**ACTION ITEM:** Starting with the first line below, extract each line through the one that contains "Imagen del estado", inclusive, excluding pictures.

Records from a data source
● ● ● ● ● ● ●
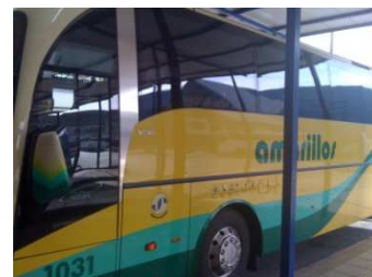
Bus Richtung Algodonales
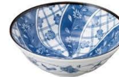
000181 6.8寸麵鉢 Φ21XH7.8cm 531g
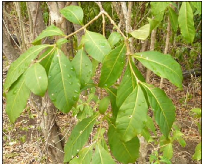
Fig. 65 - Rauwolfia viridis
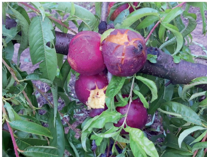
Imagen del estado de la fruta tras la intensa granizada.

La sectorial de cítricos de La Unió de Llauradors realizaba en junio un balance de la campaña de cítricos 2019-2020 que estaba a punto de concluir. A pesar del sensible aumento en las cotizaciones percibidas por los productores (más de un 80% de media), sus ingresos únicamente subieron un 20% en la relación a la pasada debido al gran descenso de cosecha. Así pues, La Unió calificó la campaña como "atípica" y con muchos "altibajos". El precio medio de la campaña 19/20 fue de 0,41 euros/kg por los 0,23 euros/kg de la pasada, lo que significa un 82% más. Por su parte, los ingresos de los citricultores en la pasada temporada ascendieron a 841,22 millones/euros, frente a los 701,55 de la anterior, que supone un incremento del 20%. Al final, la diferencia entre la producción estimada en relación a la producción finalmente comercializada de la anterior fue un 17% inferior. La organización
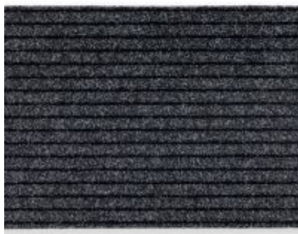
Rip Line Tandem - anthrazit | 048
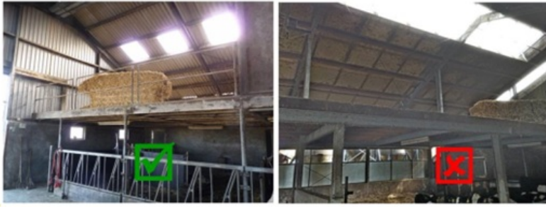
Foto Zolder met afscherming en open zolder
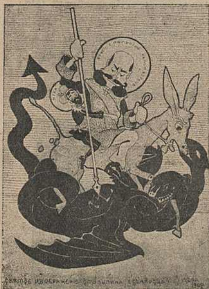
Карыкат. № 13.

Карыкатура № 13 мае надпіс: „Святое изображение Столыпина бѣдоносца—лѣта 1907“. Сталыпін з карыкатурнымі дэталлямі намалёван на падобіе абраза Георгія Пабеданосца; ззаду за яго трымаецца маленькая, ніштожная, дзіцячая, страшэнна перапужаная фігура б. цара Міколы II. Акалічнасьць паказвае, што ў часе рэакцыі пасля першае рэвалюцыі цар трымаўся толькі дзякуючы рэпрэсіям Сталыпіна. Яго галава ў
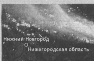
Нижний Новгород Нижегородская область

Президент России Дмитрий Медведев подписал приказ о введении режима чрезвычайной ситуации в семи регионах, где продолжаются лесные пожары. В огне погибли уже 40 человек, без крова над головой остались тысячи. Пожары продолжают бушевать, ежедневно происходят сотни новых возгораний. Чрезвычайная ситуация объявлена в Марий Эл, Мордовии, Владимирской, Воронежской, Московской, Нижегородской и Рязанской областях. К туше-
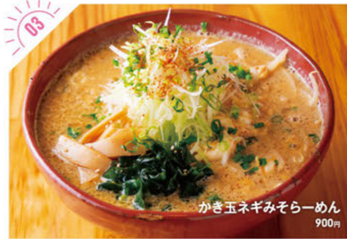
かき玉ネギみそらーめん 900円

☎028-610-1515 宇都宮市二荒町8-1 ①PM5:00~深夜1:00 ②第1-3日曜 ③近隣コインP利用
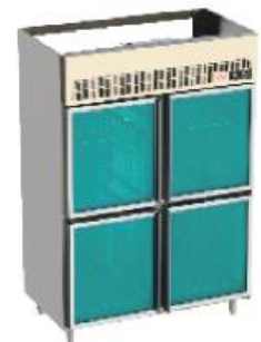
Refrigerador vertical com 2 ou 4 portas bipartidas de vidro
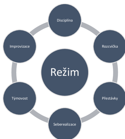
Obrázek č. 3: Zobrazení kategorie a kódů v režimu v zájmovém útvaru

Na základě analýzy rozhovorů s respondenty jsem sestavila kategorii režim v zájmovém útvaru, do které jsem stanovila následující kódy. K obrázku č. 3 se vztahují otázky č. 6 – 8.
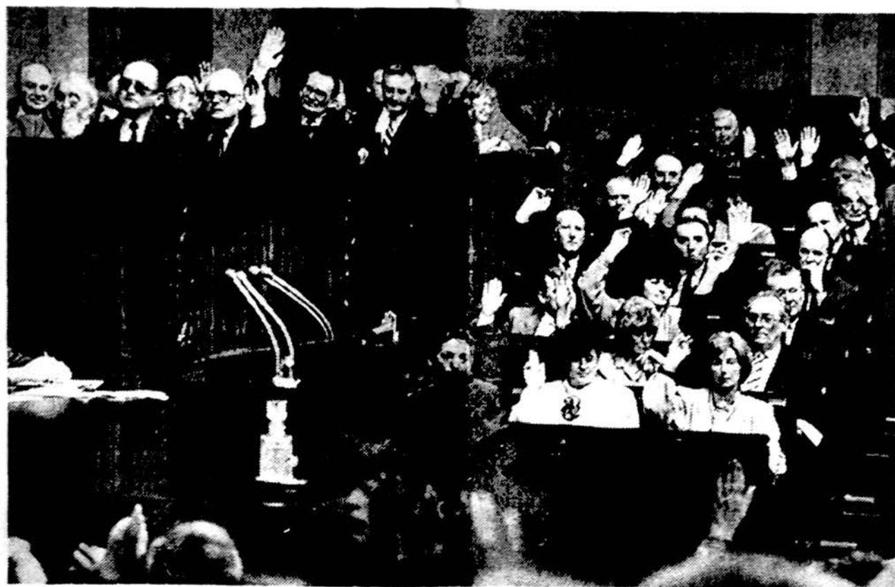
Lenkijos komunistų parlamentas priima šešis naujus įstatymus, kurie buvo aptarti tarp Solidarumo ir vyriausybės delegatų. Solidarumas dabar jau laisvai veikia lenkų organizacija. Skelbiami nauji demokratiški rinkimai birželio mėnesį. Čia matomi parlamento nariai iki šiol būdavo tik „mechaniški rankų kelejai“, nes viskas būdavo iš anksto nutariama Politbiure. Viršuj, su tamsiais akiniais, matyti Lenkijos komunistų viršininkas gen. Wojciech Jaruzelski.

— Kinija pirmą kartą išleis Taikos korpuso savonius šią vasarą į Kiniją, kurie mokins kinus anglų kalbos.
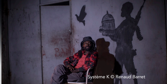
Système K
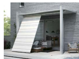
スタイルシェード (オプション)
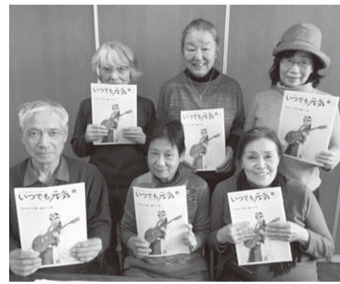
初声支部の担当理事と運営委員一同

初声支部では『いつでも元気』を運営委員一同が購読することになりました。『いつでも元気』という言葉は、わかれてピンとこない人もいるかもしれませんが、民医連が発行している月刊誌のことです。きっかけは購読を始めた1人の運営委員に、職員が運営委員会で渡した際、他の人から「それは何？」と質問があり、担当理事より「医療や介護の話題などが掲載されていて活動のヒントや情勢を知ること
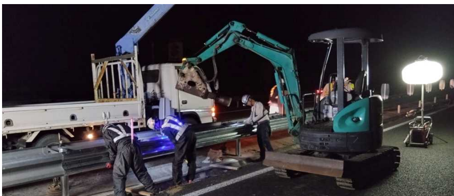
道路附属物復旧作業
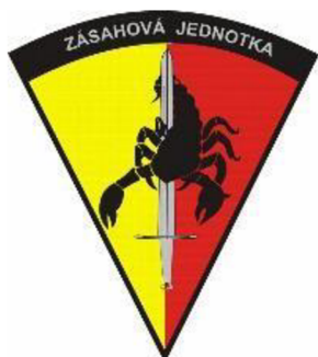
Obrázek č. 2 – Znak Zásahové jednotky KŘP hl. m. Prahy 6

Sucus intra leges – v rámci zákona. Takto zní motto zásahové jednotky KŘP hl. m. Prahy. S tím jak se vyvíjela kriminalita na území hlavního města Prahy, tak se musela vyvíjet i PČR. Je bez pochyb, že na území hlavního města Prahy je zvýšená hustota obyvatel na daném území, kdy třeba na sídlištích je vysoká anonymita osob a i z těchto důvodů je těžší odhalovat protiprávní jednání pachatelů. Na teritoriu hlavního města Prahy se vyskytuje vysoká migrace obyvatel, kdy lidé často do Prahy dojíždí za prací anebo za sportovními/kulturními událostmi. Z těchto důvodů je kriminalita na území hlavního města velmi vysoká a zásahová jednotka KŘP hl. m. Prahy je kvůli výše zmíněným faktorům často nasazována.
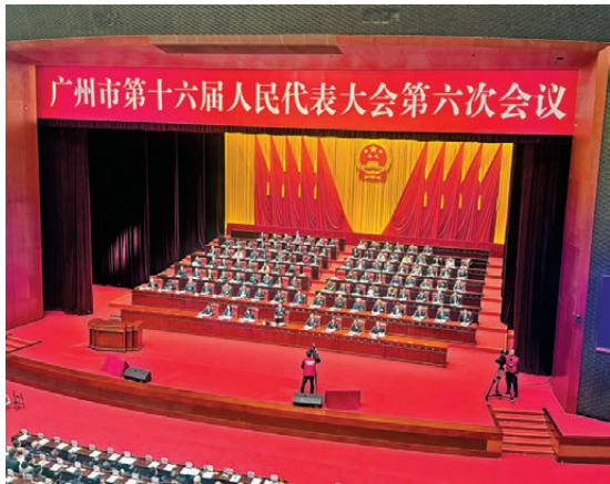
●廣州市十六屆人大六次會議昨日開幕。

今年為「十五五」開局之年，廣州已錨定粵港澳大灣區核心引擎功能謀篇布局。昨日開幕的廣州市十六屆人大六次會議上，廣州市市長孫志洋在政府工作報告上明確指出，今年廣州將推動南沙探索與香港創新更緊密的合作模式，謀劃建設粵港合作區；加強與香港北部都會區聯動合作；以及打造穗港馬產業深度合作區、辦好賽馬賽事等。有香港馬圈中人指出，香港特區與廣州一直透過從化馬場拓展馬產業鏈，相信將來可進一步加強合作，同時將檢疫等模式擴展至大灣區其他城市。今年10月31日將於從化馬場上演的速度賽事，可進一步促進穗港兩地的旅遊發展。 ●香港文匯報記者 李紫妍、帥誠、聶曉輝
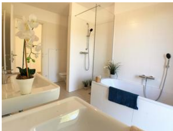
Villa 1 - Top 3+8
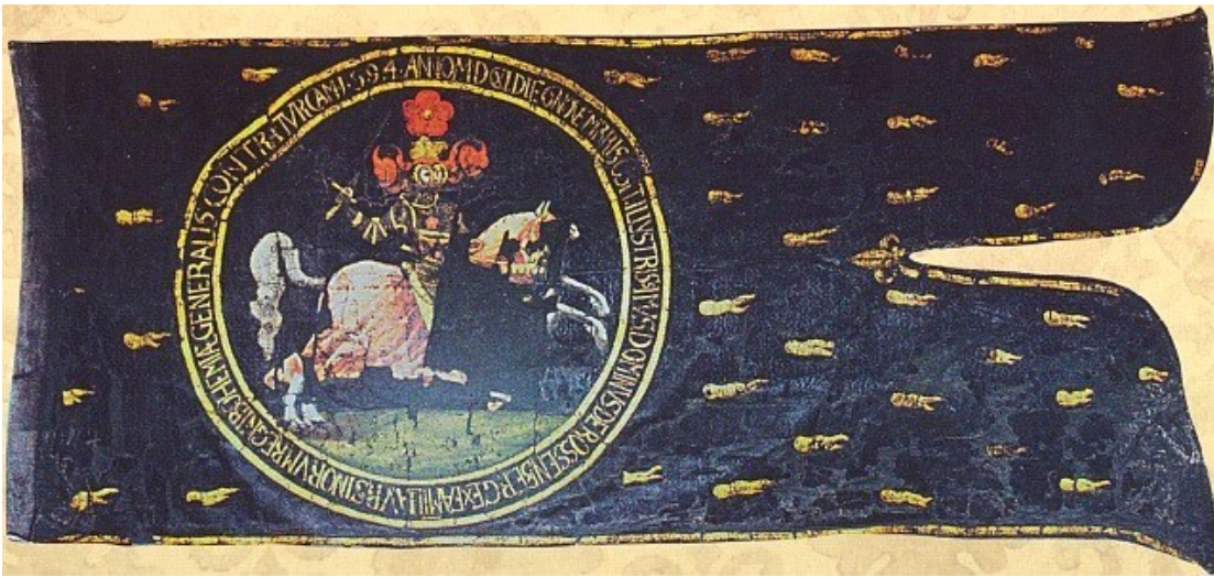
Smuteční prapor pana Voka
● ● ● ● ● ● ●
**FINISHED EXERCISE:**
Bus Richtung Algodonales
000181 6.8寸麵鉢 Φ21XH7.8cm 531g
Fig. 65 - Rauwolfia viridis
Imagen del estado de la fruta tras la intensa granizada.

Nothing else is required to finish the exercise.